Search code examples
pythonregexregex-lookaroundslookbehind

python regex lookbehind lookahead


I posted a question a few days ago about how to catch the words in a text preceding a certain regex match. enter link description here

With the solutions proposed I play around in regex101 trying to get the words that FOLLOW the match.

This is the code:

content="""Lorem ipsum dolor sit amet (12,16) , consectetur 23 adipiscing elit. Curabitur (45) euismod scelerisque consectetur. Vivamus aliquam velit (46,48,49) at augue faucibus, id eleifend purus (34) egestas.
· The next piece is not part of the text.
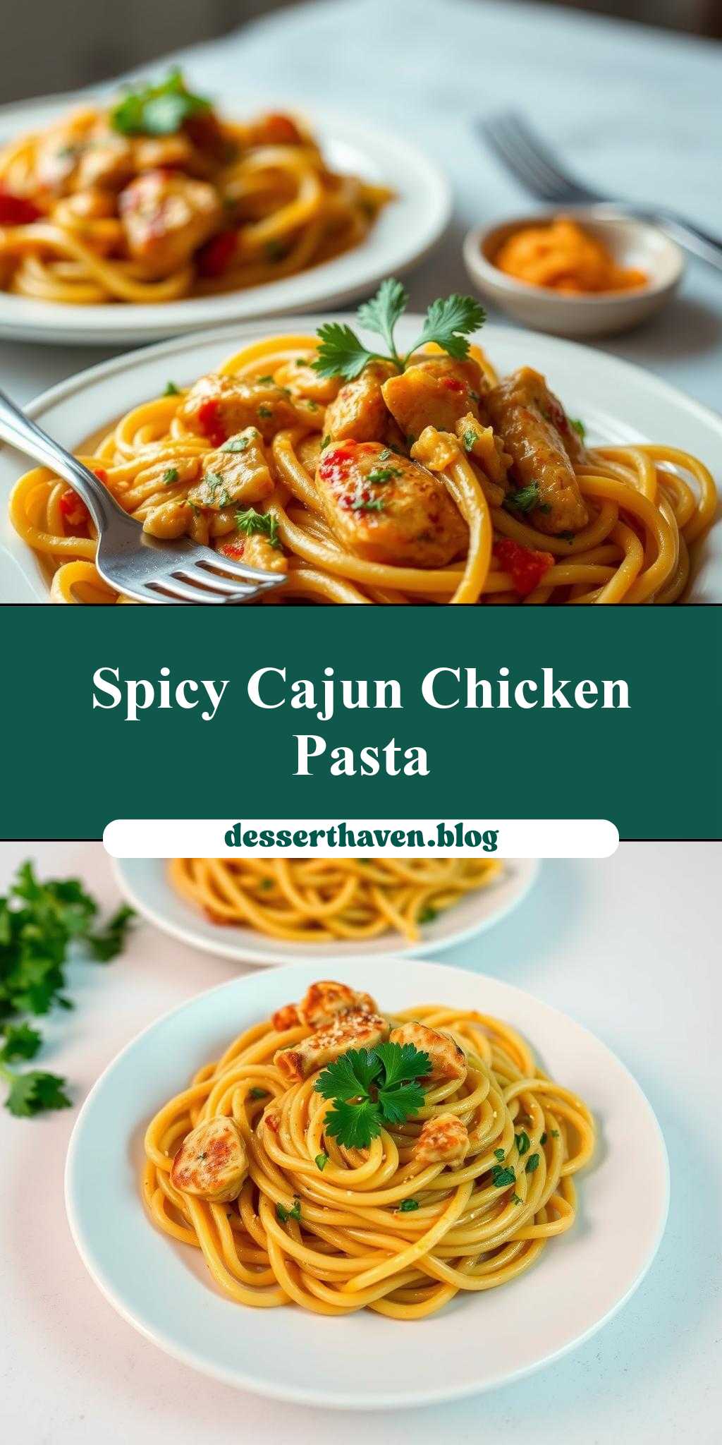 two plates of chicken fettuccine with parsley on top and the words spicy cajun chicken fettuccine above

Aliquam vitae mauris cursus, facilisis enim (23) condimentum, vestibulum enim. """

print(content)
pattern =re.compile(r"((?:\w+ ?){1,5}(?=\(\d))(\([\d]+\))(?: )(?:\w+ ?){1,5}")
matches = pattern.findall(content)
print('the matches are:')
print(matches)

the regex works and catches numbers between parenthesis.
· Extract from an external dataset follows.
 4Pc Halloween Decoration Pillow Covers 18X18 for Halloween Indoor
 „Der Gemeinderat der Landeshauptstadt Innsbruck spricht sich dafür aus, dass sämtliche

this being the explanation of the regex

((?:\w+ ?){1,5}(?=\(\d))(\([\d]+\))(?: )(?:\w+ ?){1,5}
________________________***********++++++++++++++

____ = this is the look behind. Looks for 1 to 5 words before the match up to finding an open (

****= the actual regex ===> numbers between parenthesis

++++= This is the part I pretend to use to catch words AFTER the regex.

I tried it in regex101 with this apparently nice result:

enter image description here

But the result of the code is the following:

[('Curabitur ', '(45)'), ('id eleifend purus ', '(34)'), ('facilisis enim ', '(23)')]

as you see the list includes tupples with first the preceding words, and then the match itself, BUT NOT THE FOLLOWING WORDS.

Where is the catch????

My expected result would be:

matches=[('Curabitur ', '(45)', '**euismod scelerisque consectetur**'), ('id eleifend purus ', '(34)', '**egestas**'), ('facilisis enim ', '(23)', '**condimentum**')]


Solution

  • Your regex needs to have a 3rd capturing group as well in order to be returned by findall:

    >>> print re.findall(r"((?:\w+ ?){1,5}(?=\(\d))(\(\d+\))(?: )((?:\w+ ?){1,5})", content)
    [('Curabitur ', '(45)', 'euismod scelerisque consectetur'), ('id eleifend purus ', '(34)', 'egestas'), ('facilisis enim ', '(23)', 'condimentum')]
    

    Note ((?:\w+ ?){1,5}) as 3rd capture group.

    Also note that [\d]+ is equivalent of \d+.